Engagement profiles (A) within the ‘Wildlife Researchers 1’ project (N = 131) and the two phases of (B) data collection (n1 = 121) and (C) data analysis (n2 = 36) for participants with more than two active days are based on the standardized engagement metrics for clustering [0; 1].

https://doi.org/10.1371/journal.pone.0275785.g002

The most prevalent profile was the loyal (lo) engagement profile (nlo = 62). Participants with this profile stayed almost until the end of the project (high relative activity duration, r = 0.79), returned regularly to the community (low variation in periodicity, v = 0.19), and actively contributed to the community at least one day out of five days (moderate activity ratio, a = 0.23, see Fig 2, A1).

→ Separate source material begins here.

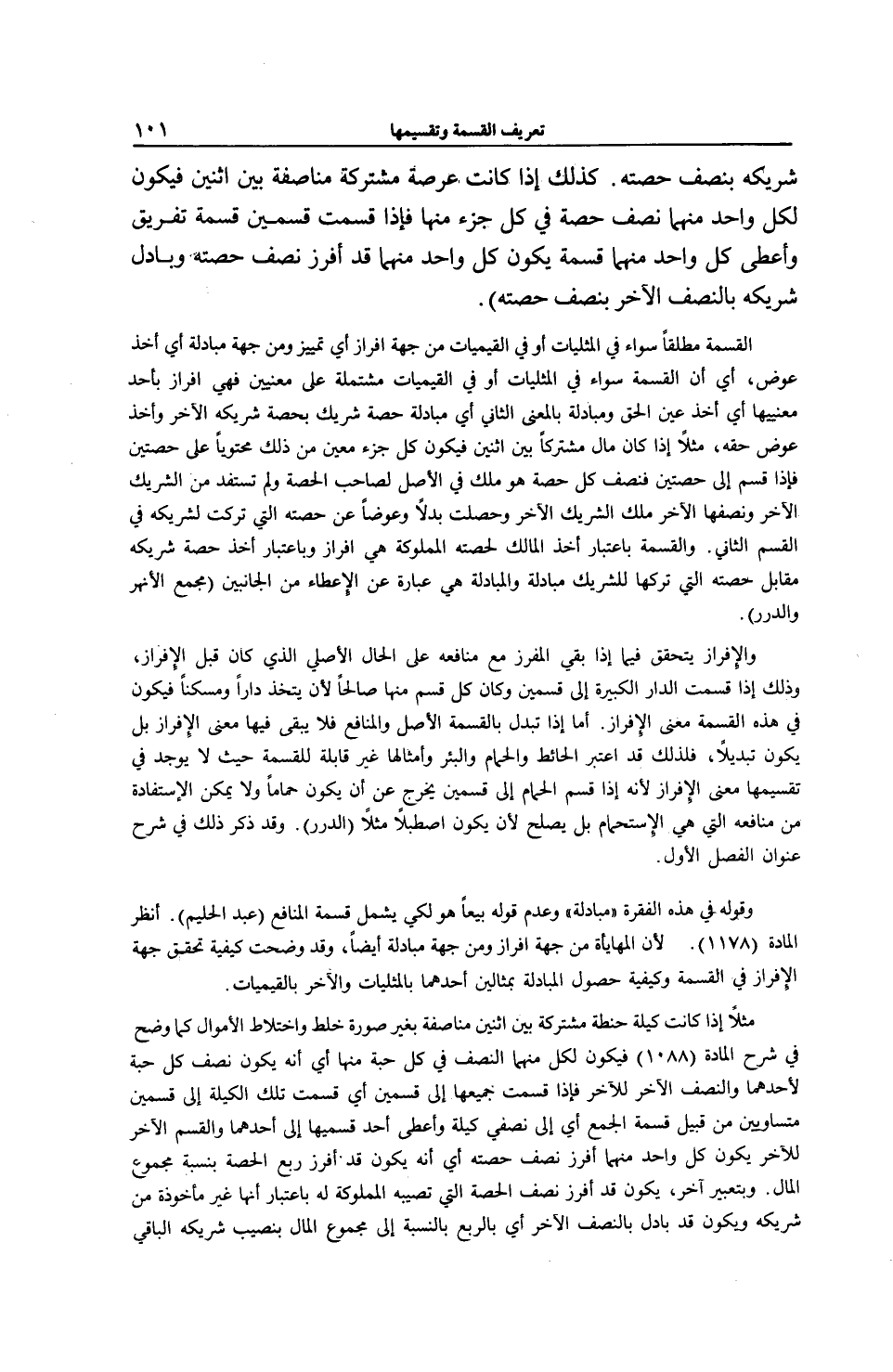 وَقَوْلُهُ فِي هَذِهِ الْفِقْرَةِ (مُبَادَلَةً) وَعَدَمُ قَوْلِهِ: بَيْعًا، هُوَ لِكَيْ يَشْمَلَ قِسْمَةَ الْمَنَافِعِ (عَبْدُ الْحَلِيمِ) . اُنْظُرْ الْمَادَّةَ (1178) ؛ لِأَنَّ الْمُهَايَأَةَ مِنْ جِهَةِ إفْرَازٍ وَمِنْ جِهَةِ مُبَادَلَةٍ أَيْضًا، وَقَدْ وَضَّحْتُ كَيْفِيَّةَ تَحَقُّقِ جِهَةِ الْإِفْرَازِ فِي الْقِسْمَةِ وَكَيْفِيَّةَ حُصُولِ الْمُبَادَلَةِ بِمِثَالَيْنِ أَحَدُهُمَا بِالْمِثْلِيَّاتِ وَالْآخَرُ بِالْقِيَمِيَّاتِ.

Participants in the hardworking (ha) engagement profile (nha = 5) outperformed other participants in their activity ratio and daily devoted time. They spent almost 2 hours and 50 minutes during an active day on the platform (high daily devoted time, d = 0.78) and contributed to the CS project every third day (high activity ratio, a = 0.29). However, their relative activity duration within the project was shorter (r = 0.58) than that of participants in the loyal profile (see Fig 2, A2), indicating that participants in this hardworking profile left the project earlier after the work was done.

The persistent (pe) engagement profile (npe = 7) was characterized by the highest variation in periodicity (v = 0.79), as participants with this profile participated irregularly. Although persistent participants visited the platform only sporadically, they stayed connected to the project almost until the end of the project, like the participants with a loyal engagement profile (high relative activity duration, r = 0.80). Their very low activity ratio (a = 0.04) indicated low contributions to the CS project (see Fig 2, A3).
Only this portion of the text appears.